Background

The Empowerment and Development for Girls’ Education (EDGE) project is a four-year initiative funded by the UK’s Foreign, Commonwealth & Development Office and delivered by the British Council.

EDGE operates at national, provincial, district and school levels in Zambia, collaborating closely with the Ministry of Education and local partners to advance gender equality and ensure that girls not only enrol in school but flourish academically, socially and economically in safe, inclusive learning environments.

Vision

EDGE pursues a holistic approach centred on policy engagement, leadership capacity building, stakeholder collaboration and evidence generation.

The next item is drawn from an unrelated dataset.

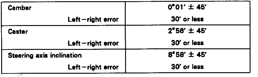 If the steering axis inclination is not as specified, after camber and caster have correctly adjusted. recheck the steering knuckle front wheel bearing or looseness.

By working alongside Ministry directorates, professional associations and teacher-training institutions, the project seeks to influence and refine education policies, embed gender-responsive leadership standards, co-design sustainable training pathways and underpin all interventions with robust, context-relevant research. Safeguarding and professional ethics are woven throughout these efforts to reinforce learner protection and inclusive practice.

How it operates

Since its inception, EDGE has convened policy dialogues with senior education officials to ensure that national reforms reflect classroom realities, delivered leadership orientation programmes and established peer-mentoring networks for head teachers and system managers across all provinces, co-developed in-service training curricula with institutions such as the David Livingstone College of Education, and produced a series of research briefs and toolkits that guide curriculum development, monitoring tools and professional development materials.

Impacts

Early results demonstrate that national guidance on school leadership and safeguarding has been shaped by EDGE’s evidence-based recommendations, school leaders have embraced inclusive practices and adopted a “100 per cent success” mindset to foster educational equity, partner organisations have incorporated EDGE’s model work plans into their standard offerings, and policymakers now draw on a strengthened evidence base to make data-driven decisions that elevate girls’ educational outcomes.

Recommendations

To consolidate and extend these gains, EDGE advises scaling up the peer-mentor framework to maintain leadership support without over-reliance on central teams, embedding integrated follow-up systems to monitor the application of work plans and safeguarding protocols, clarifying supervisory roles across education

directorates to reduce fragmentation, empowering district-level teams to lead implementation for enhanced scalability, and ensuring that child-protection measures remain a non-negotiable element in all leadership and teacher development activities.

Call for Partnerships

As EDGE enters its final months, the British Council warmly invites government agencies, donor partners, civil-society organisations and academic institutions to join us in institutionalising these successes. Through collaborative design of in-service programmes, expansion of peer-mentor networks and integration of EDGE-developed resources into national systems, together we can secure high-quality, gender-equitable learning environments for every girl in Zambia and establish a replicable model of girls’ empowerment for the wider region.